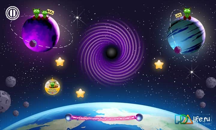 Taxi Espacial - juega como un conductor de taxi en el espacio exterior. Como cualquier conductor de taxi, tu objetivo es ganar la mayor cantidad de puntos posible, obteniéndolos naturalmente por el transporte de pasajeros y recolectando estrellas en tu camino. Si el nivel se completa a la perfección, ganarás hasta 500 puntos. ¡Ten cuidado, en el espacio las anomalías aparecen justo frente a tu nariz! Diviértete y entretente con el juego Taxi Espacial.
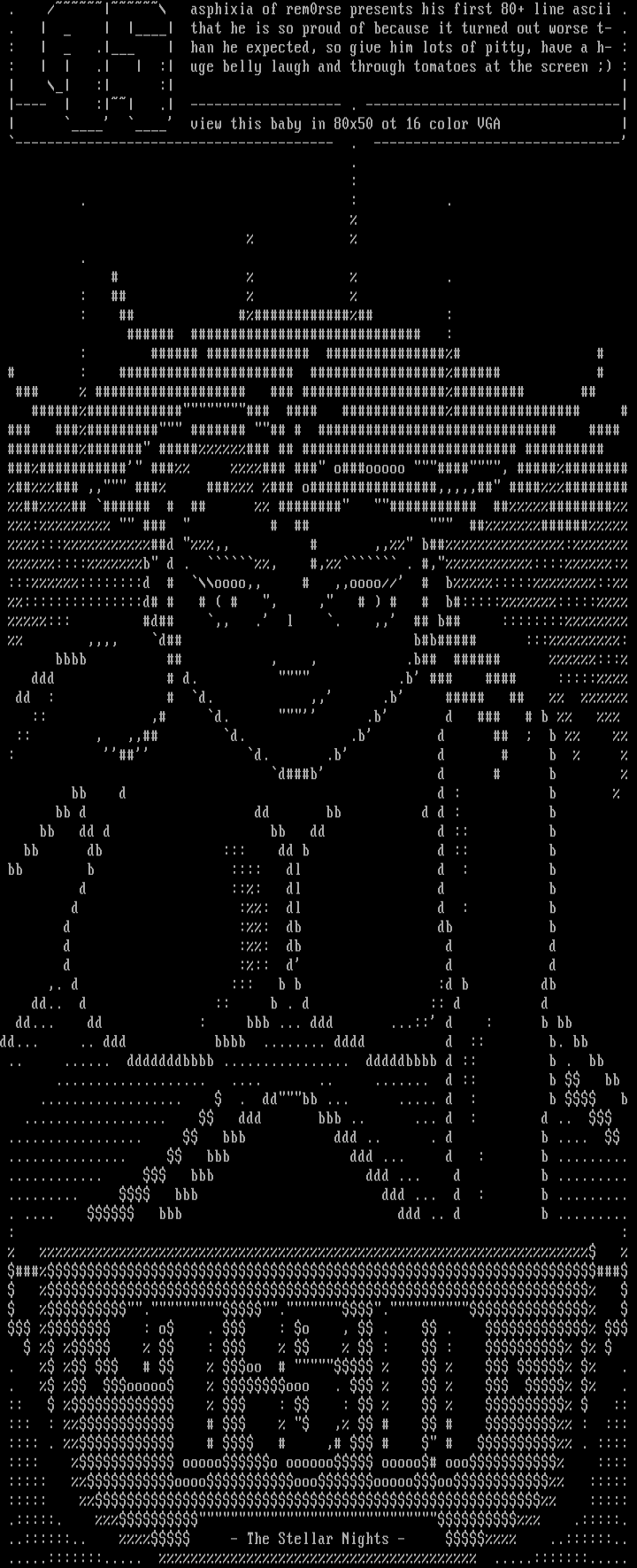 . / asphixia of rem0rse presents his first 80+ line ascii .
...
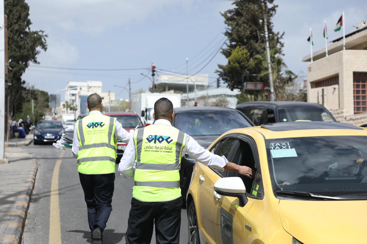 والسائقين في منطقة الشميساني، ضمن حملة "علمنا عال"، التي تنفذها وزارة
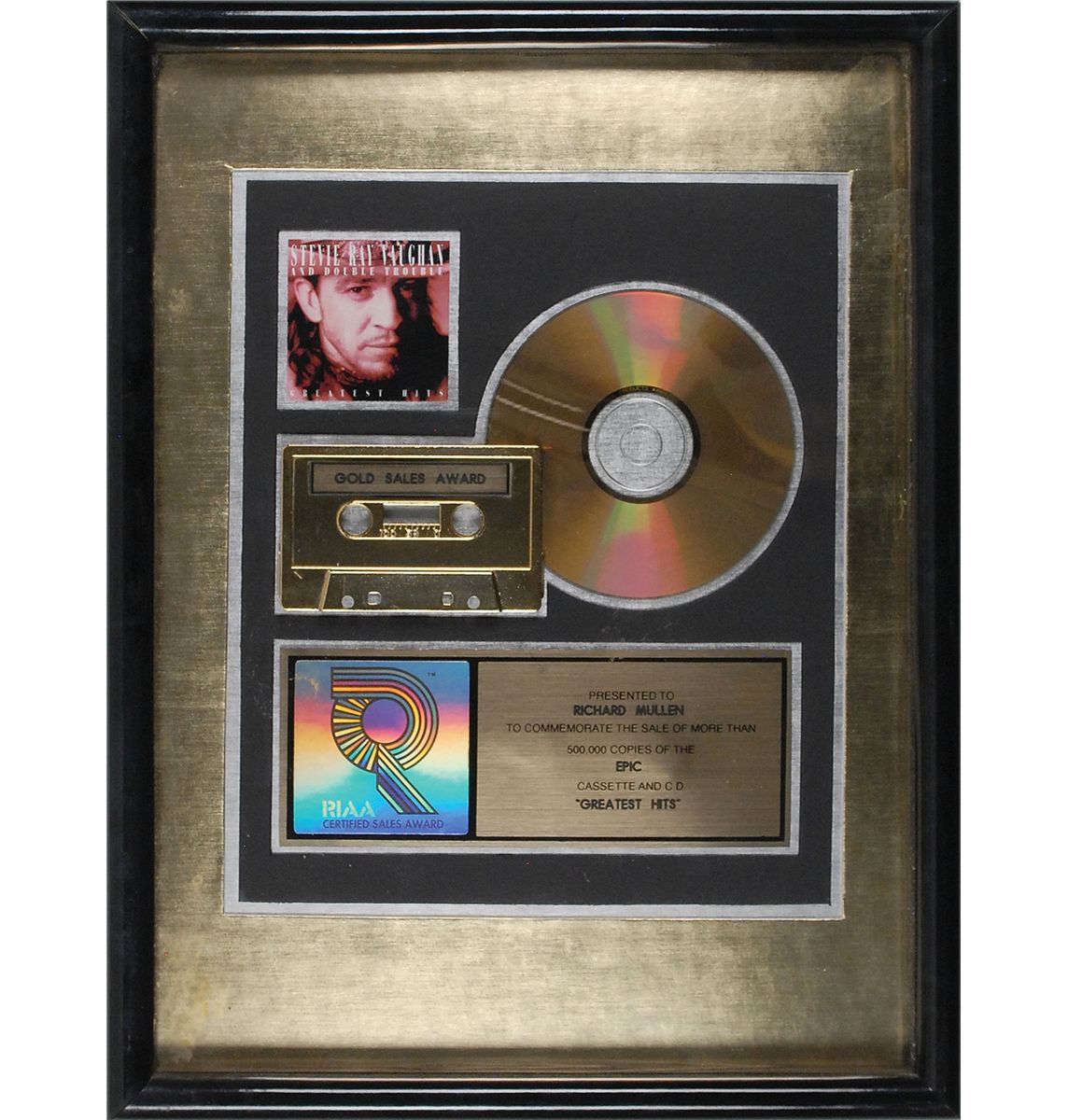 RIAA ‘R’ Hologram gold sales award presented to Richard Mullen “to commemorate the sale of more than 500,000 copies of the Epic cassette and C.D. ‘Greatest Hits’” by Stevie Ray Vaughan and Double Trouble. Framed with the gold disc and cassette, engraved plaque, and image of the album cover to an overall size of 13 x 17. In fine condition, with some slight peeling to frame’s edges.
--
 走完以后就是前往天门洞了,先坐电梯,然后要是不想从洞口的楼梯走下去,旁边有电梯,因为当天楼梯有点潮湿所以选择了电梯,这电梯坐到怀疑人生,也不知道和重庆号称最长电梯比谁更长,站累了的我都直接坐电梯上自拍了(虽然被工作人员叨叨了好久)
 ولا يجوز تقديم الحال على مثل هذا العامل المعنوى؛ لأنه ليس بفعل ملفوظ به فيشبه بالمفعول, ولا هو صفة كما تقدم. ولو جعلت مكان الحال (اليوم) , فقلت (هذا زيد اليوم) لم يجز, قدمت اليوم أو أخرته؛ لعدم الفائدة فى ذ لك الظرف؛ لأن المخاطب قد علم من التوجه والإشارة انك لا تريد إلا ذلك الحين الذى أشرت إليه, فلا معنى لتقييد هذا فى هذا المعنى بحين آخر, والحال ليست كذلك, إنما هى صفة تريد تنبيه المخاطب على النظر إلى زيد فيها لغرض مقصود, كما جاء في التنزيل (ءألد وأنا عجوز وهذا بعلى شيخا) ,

PROBLEM TO SOLVE —
Return exactly the part of the listing above that opens with the line containing "Taxi Espacial - juega" and closes with the line containing "line ascii .". Pictures stay out.

PROBLEM SOLUTION —
 Taxi Espacial - juega como un conductor de taxi en el espacio exterior. Como cualquier conductor de taxi, tu objetivo es ganar la mayor cantidad de puntos posible, obteniéndolos naturalmente por el transporte de pasajeros y recolectando estrellas en tu camino. Si el nivel se completa a la perfección, ganarás hasta 500 puntos. ¡Ten cuidado, en el espacio las anomalías aparecen justo frente a tu nariz! Diviértete y entretente con el juego Taxi Espacial.
 . / asphixia of rem0rse presents his first 80+ line ascii .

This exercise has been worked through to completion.